Le due corrono attraverso gli incroci della città, scendono in metropolitana, vanno alle feste, si addormentano con la testa appoggiata l’una alle gambe dell’altra sui tassì, raccontano di esperienze sessuali mentre si struccano, in bagno, prima di andare a letto. Hanno impostato dei rituali, degli schemi, delle abitudini che le rendono simili a una coppia di fatto. E non ci sarebbe niente di male in questo, se non fosse che la società interviene con i suoi regimi, con le sue pretese di normalità, o meglio, di normalizzazione: Sophie inizia una relazione, cresce, matura, va ad abitare in un quartiere più costoso, in un appartamento più grande e rompe l’equilibrio di sorellanza.
Da quel momento, Frances sprofonda in una solitudine sconcertata, che non si raccapezza, non può raccapezzarsi: dopotutto dovrebbe essere felice per la sua amica, le distanze tra loro dovrebbero essere naturali, spontanee, occorre che ciascuna abbia la propria esistenza, il proprio percorso. Dunque, perché quella sofferenza? Perché l’incapacità di accettare i successi, lo scarto, l’allontanamento dell’altra? «Ci siamo conosciute all’università. Eravamo la stessa persona», spiega. «Solo che io ho i capelli diversi». Privata della simbiosi con Sophie, Frances piomba improvvisamente in tutti i cunicoli, i tombini, le buche della vita metropolitana quando si è giovani e si hanno aspirazioni non comuni: divide l’affitto con due sconosciuti, «butta via» le giornate, non riesce a risparmiare, perde il posto nel corpo di ballo, parte per un paio di giorni a Parigi, da sola, per poi realizzare che non ha alcun senso, che ha soltanto sprecato un sacco di denaro. E di sottofondo, sempre, la continua nostalgia di Sophie, o forse di un “prima” vago, labile, non ben definito, che coincide con l’infanzia, con un tempo più semplice e autentico, dove poteva essere semplicemente se stessa.
Quando Sophie litiga con quello che ormai è a tutti gli effetti suo marito, si rifugia da Frances, le dice che non è felice e che lo lascerà, fantasticano sulla possibilità idi tornare a vivere insieme, nello stesso appartamento, come prima, come una volta.
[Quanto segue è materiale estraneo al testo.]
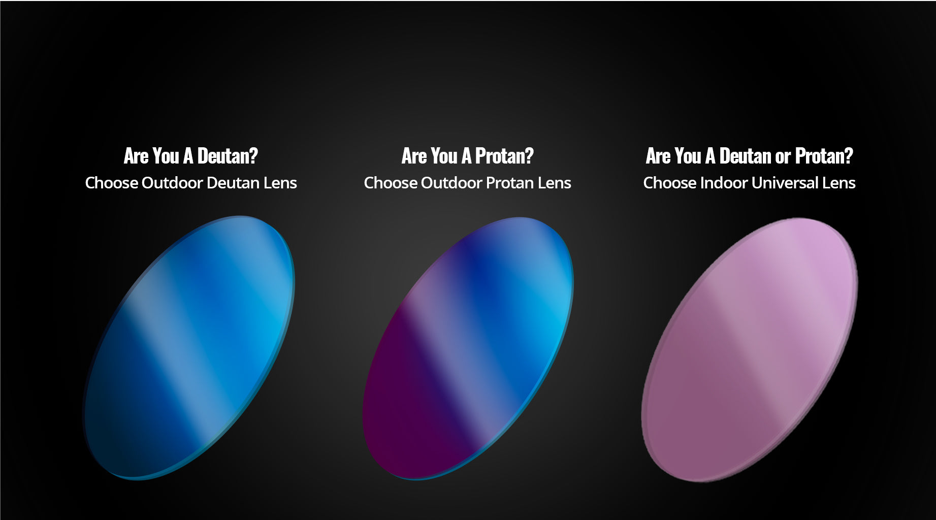 The Universal Indoor lens works for both of the two most common types of color blindness, Protan and Deutan.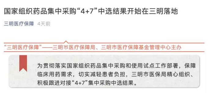 近日,三明市醫(yī)療保障管理局、市醫(yī)療保障基金管理中心主辦的公眾號“三明醫(yī)療保障”發(fā)布消息:國家組織藥品集中采購“4+7”中選結(jié)果開始在三明落地。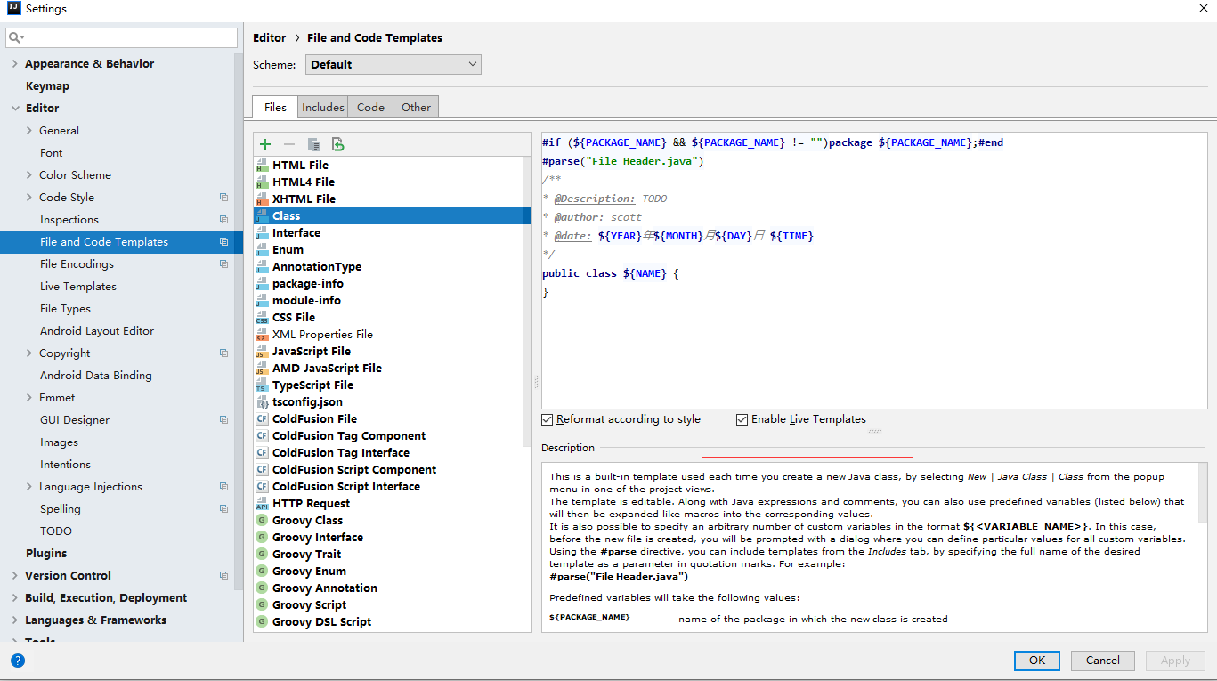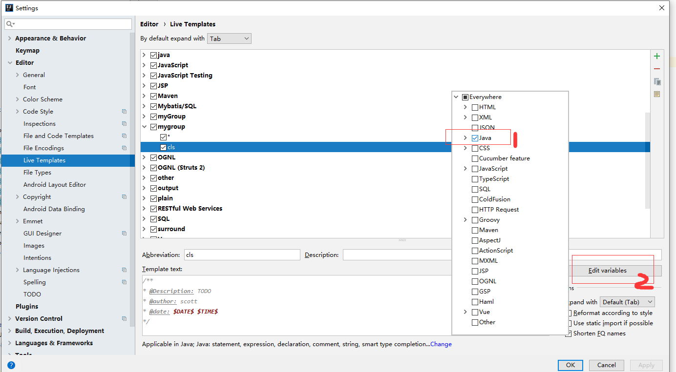 - 通过快捷键,添加类注释和方法注释的模板设置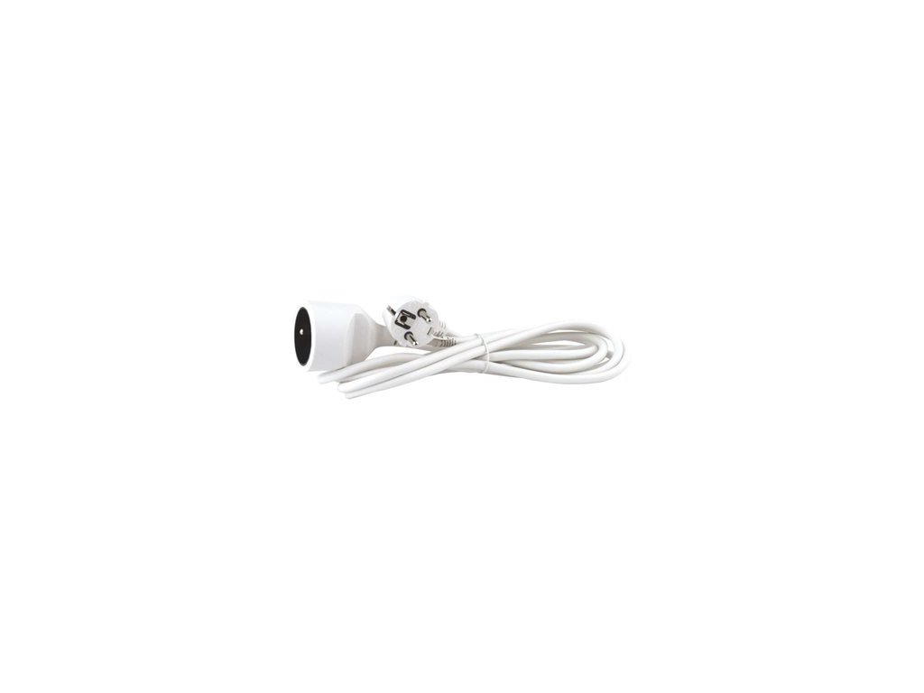 Bílý prodlužovací přívod s jednou zásuvkou - spojka, délkou 2 m a průřezem vodiče 1 mm2. Vhodný pro maximální zátěž 10 A. Prodlužovací přívod 2 m na 230 V~ slouží k prodloužení elektrické energie tam, kam pevná zásuvka nedosáhne.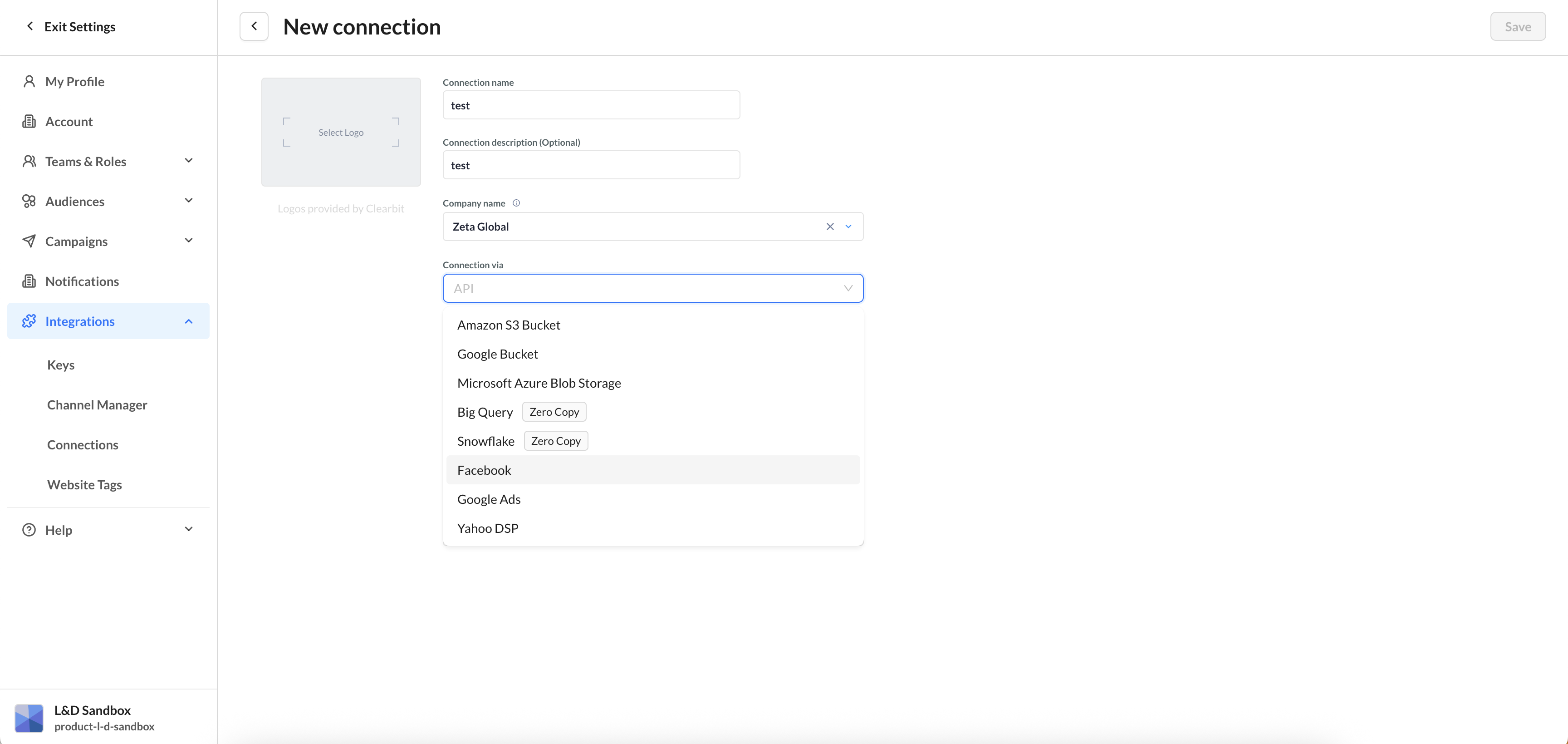 1. On a new Connection page, select Facebook from the Connection via dropdown list.

Ma il mattino porta con sé il freddo raziocinio dell’età adulta, Sophie si risveglia, lascia un biglietto in cui scrive che era ubriaca e di telefonarle presto. Frances e Sophie sono descritte alla stregua di due persone che non stanno più insieme e in effetti è così: chi non ha sperimentato il lutto per la perdita di un amico, un lutto inesprimibile perché colpevole, dato che l’amicizia si basa sul presupposto fallace della non esclusività, del lasciare andare, del lasciare liberi?
E come accade quando una storia d’amore finisce, è la vita a livellare, aggiustare, appianare. Quel che è stato non torna più. Bisogna rassegnarsi a evolvere, a mutare, a tirare dritto. Anche se con una porzione di sé si resta bambini, intenti a produrre congetture, ipotesi, illazioni sul proprio futuro, esprimendole a voce alta a qualcuno a cui si vuole bene e che non si separa mai da noi: «Noi due conquisteremo il mondo. Tu diventerai un boss stronzo dell’editoria. E tu una famosa ballerina moderna e io pubblicherò un libro costosissimo su di te. Che quegli stronzi che prendiamo in giro metteranno sui loro tavolini. E avremo un appartamento per le vacanze a Parigi. E non avremo amanti. E nemmeno figli. E parleremo alle lauree onorarie».